Each register in the machine stores a number in the biquinary notation, as explained above. In programming the machine, after mentioning a register it is necessary—as a part of the scheme for checking—to tell the machine specifically whether to hold the number in the register or to clear it.
Addition and Subtraction
The calculator frames can add two numbers together, if so instructed in the routine tape. Suppose that the two numbers are in the registers B and D and that we wish to put the sum in register F. Suppose that we wish to clear the D number but hold the B number after using them. The code on the routine tape is B H + D C = F. H and C coming right after the names of the registers always designate “hold” and “clear,” respectively.
The calculator frames can, likewise, subtract a number. The routine instruction B H-D C = F means:
- Take the number in register B (hold it);
- subtract the number in D (clear it);
- put the result in F
Multiplication and Division
The calculator frames perform multiplication by storing the digits of the multiplier, adding the multiplicand over and over, and shifting, until the product is obtained. However, if the multiplier is 1989, for example, the calculator treats it as 2000-11. This short-cut applies to digits 6, 7, 8, 9 and cuts the time required for multiplying. The routine instruction is B H × D C = F.
The calculator performs division by repeated subtraction. The routine instruction is B H ÷ D C = F. The operation signs +,-, ×, ÷ actually appear on the keyboard of the perforator and on the printed tape produced by the printer.
Discrimination
Discrimination is the term used in the Bell Laboratories computer for what we have previously called selection, or comparison, or sequencing. The discriminator is a part of the calculator that compares or selects or decides—“discriminates.” The discriminator can decide whether a number is zero or not zero. In the language of the algebra of logic (see [Chapter 9] and [Supplement 2]), if a is a number, the discriminator can find T(a = 0). The discriminator can also decide whether a number is positive or negative. In the language of logic, it can find T(a > 0) or T(a < 0). The actions that a discriminator can cause to be taken are:
- Stop the machine.
- Stop the problem, and proceed to another problem.

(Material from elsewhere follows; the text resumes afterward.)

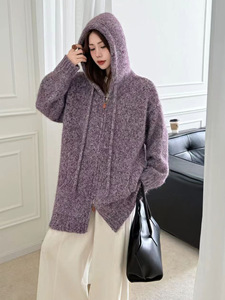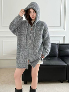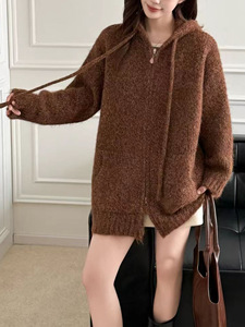 2025秋冬新款连帽拉链针织开衫韩版宽松中长款慵懒风毛衣外套女潮

- Stop the routine going on, and proceed with a new routine.
- Permit printing, or prevent printing; etc.
In this way the discriminator can:
- Distinguish between right and wrong results.
- Tell that a certain result is impossible.
- Recognize a certain result to be the answer.
- Control the number of repetitions of a formula.
- Change from one formula to another formula.
- Check a number against a tolerance; etc.